1. High-fidelity structured parameter extraction: Can the LLM accurately extract numerous predefined variables, including PFS and overall survival (OS) from unstructured text at scale?
2. Direct clinical question answering: Can the LLM correctly answer complex queries requiring data aggregation and synthesis directly from text, bypassing a structured database?
3. Automated survival analysis: Can the LLM perform multistep analyses, like generating Kaplan-Meier curves from raw text, yielding results comparable to traditional methods?
4. Autonomous hypothesis generation: Does the LLM exhibit reasoning capabilities by identifying potentially novel clinical associations?

While many studies have demonstrated the ability of LLMs to extract specific data points from clinical text, the primary contribution of our feasibility study is not algorithmic but paradigmatic. We propose that, in the future, the use of LLMs in cancer registries may obviate the need for intermediate structured databases.

Methods

Synthetic Patient Data Generation

To create a controlled benchmarking environment, a synthetic dataset simulating clinical correspondence from 240 patients with stage IV NSCLC was generated. A structured data schema defining 14 key clinical variables (including demographics, diagnosis, metastases, molecular markers, treatments, PFS, and OS; details in Multimedia Appendix 1) was created manually and served as the ground truth (GT). Unstructured patient letters embedding these variables were generated using GPT o4-mini and Claude Sonnet 3.7, mimicking real-world linguistic diversity (examples in Multimedia Appendix 2).

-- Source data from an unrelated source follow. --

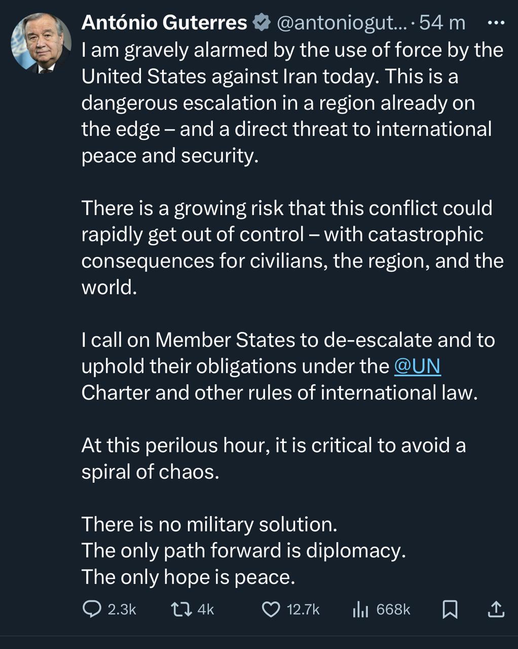 «Estoy profundamente alarmado por el uso de la fuerza por parte de Estados Unidos contra Irán hoy. Se trata de una peligrosa escalada en una región ya al límite, y una amenaza directa para la paz y la seguridad internacionales.
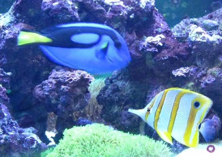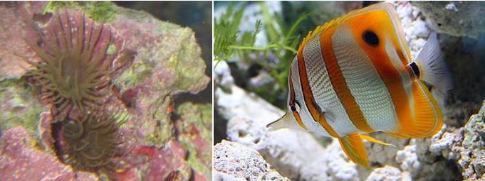 Вскоре Месье Оцеллярис был снова водворен в общий аквариум! Вы думаете, что просидев около двух недель без кормежки, в заросшей страшными кусачими анемонами «темнице», он был тощ, потрепан и смущен? Абсолютно нет! Он был хорошо откормлен и бодр, как никогда! Первым делом он подплыл к своей супруге и дважды куснул ее за полосатый бочок (наверно, это был примерный эквивалент «Я, значит, в командировке маюсь, а ты тут молодых приваживаешь???!!!»). Новичок же радостно завопил: «Мадам, так что ж Вы мне сразу не сказали, что у нас тут СТАЯ????» и принялся храбро рассекать воду рядом, уже абсолютно игнорируя все остальное население, и даже Хулиган Синенький, проплывая мимо, больше не смел на него рявкать…!
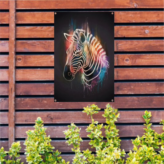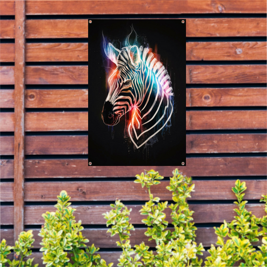 Fluorescerende zebra in neonkleuren kunstwerk tuinposter
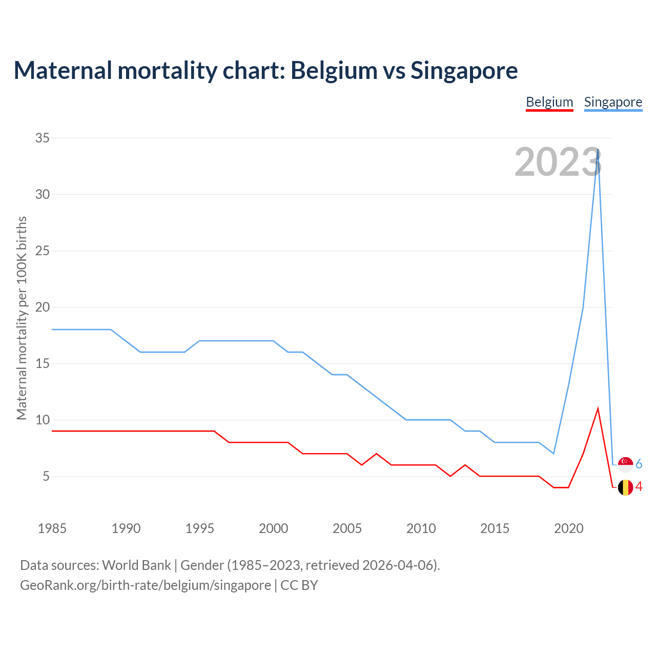 The maternal mortality rate, which is the probability of dying during childbirth or within 42 days of pregnancy termination, is 4 deaths per 100,000 live births in Belgium, compared to 6 deaths in Singapore.
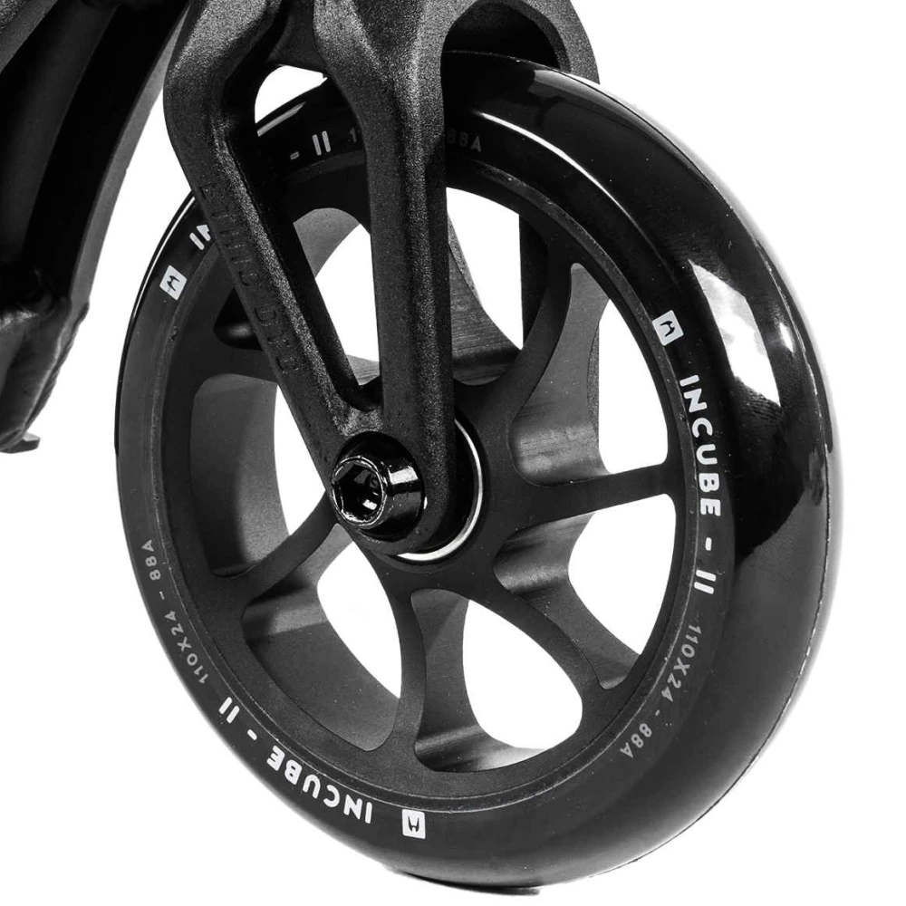 Этот самокат весит всего 2.79 кг, что делает его невероятно легким и маневренным, позволяя райдерам выполнять сложные трюки с легкостью. Колеса диаметром 110 мм и подшипники класса ABEC 9 обеспечивают плавное и стабильное движение, что особенно важно для экстремальных видов спорта. Высота руля составляет 570 мм, что идеально подходит для райдеров ростом от 130 до 150 см, обеспечивая комфорт и контроль.
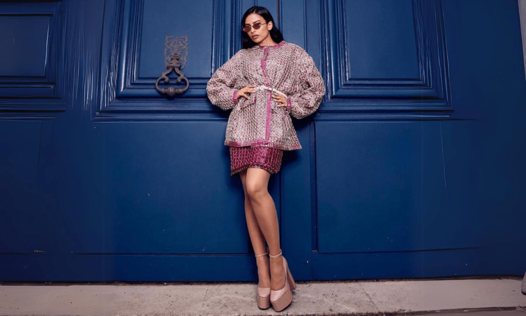 Known as the Jeddah-based fashionista, beauty, and lifestyle blogger, Alakeel worked with many renowned brands, including BVLGARI. At Haute Couture Week, she brought her A-game in a short light pink bedazzled coat paired with a hot pink skirt.
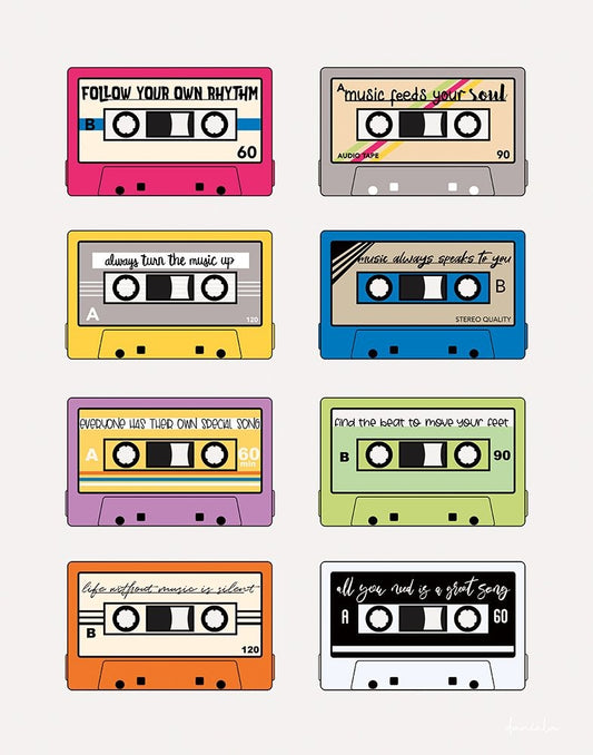 Cassette Sketch White Modern Wood Framed Art Print with Double Matting by Tava, Alexandria
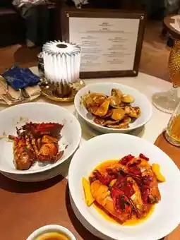 The average price per person is MOP900+, but the **Buddha Jumps Over the Wall** + **all-you-can-eat lobster** + **free-flowing beer** are worth it! #gout also eat #Macau all-you-can-eat #Hamp Court #Macau buffet
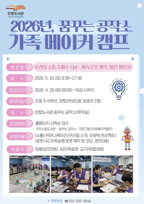 (포탈뉴스통신) 구리시 인창도서관‘꿈꾸는 공작소’는 오는 5월 16일 초등학생 자녀와 보호자가 함께 참여해 가족 간 유대감을 높이고 인공지능을 체험하는 '우리 팀 소통 주파수 Up! : 이족로봇 제작, 미션 챌린지' 가족 메이커 캠프를 운영한다고 밝혔다.
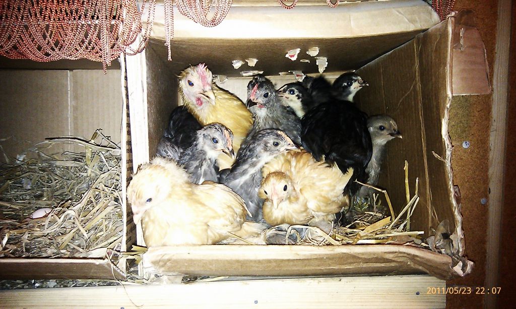 Hmmm...såg likadant ut i redet igår när jag kom ut..fast..nu var det 16 st där. Kanske ska fundera på extra värme??? eller skicka in ett större rede?? de små krymper ju inte direkt o redan nu så trångt att om någon vill sträcka sig ramlar de ut.....
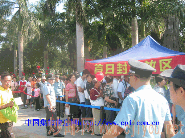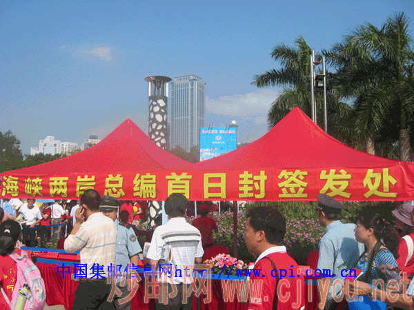 人潮汹涌啊,领取“读者节首日封”的场面最热闹,只见排队的男女老少成千上万,还好发放速度很快,大家也如同散步一般;相形之下排队等吃蛋糕的就只有稀稀拉拉十几人,真是天壤之别啊,看来不愁温饱的百姓似乎更喜欢“精神食粮”啦。所谓的“读者节首日封”,实际上是“普通邮资封加字纪念封”,每届一枚,被加字印刷的普通邮资封从第一届的“芙蓉花”,到第二届的“水仙花”,再到第三届的“鼓浪屿日光岩”,一直演进到如今第十届的“海峡西岸建设”,先后共有四种普通邮资封参与。不久前,《厦门日报》刊登了彩色的大照片,著名集邮家何大仁教授的弟弟何大汉先生展示了他自己收藏的第一届到第九届的纪念封,收藏的魅力和神奇在市民读者中引发了小小的轰动,可谓“一石激起千层浪”,许多集邮者如梦初醒,开始为自己残缺的藏品配套成龙,一时间历届“读者节首日封”成为厦门民间邮市的热点。尽管“首日封”的说法有误,但目前已经在市民中约定俗成,笔者以厦门市集邮学术委员会主任的身份多次进行了纠正,但效果不大,那“首日封”就“首日封”吧,还是闽南语歌唱的那句——“欢喜就好”!

A key goal was to create a heterogeneous dataset to better simulate the variability of real-world clinical documentation. As detailed in Table S1 (Multimedia Appendix 2), the resulting 240 letters vary significantly in style, length, and granularity, with word counts ranging from 109 to 3147 words. The dataset includes extremely concise, 120-word Subjective, Objective, Assessment, and Plan (SOAP) notes rich in abbreviations (eg, SYN092, shown in Multimedia Appendix 2), alongside comprehensive, 3063-word discharge summaries containing detailed laboratory results, pathology reports, and extensive narrative histories (eg, SYN007, shown in Multimedia Appendix 2). For validation purposes, a second, smaller dataset with 80 patients with acute myeloid leukemia (AML) was created (Table S2 in Multimedia Appendix 2). Each synthetic letter underwent a basic plausibility assessment by an oncologist to ensure suitability for testing.

Large Language Model Setup

All analytical tasks utilized Gemini 2.5 Pro accessed via Google AI Studio, prompted in a zero- or one-shot fashion with temperature set to 0 for deterministic output. Session history was disabled to ensure reproducibility. Distinct models for generation and analysis mitigated self-evaluation bias. Due to the platform’s limit on concurrent file uploads, the synthetic letters were batched into multipage PDF files, each containing 20‐40 patients. A detailed flowchart providing an overview of the entire experimental design is provided in Figure S1 (Multimedia Appendix 2).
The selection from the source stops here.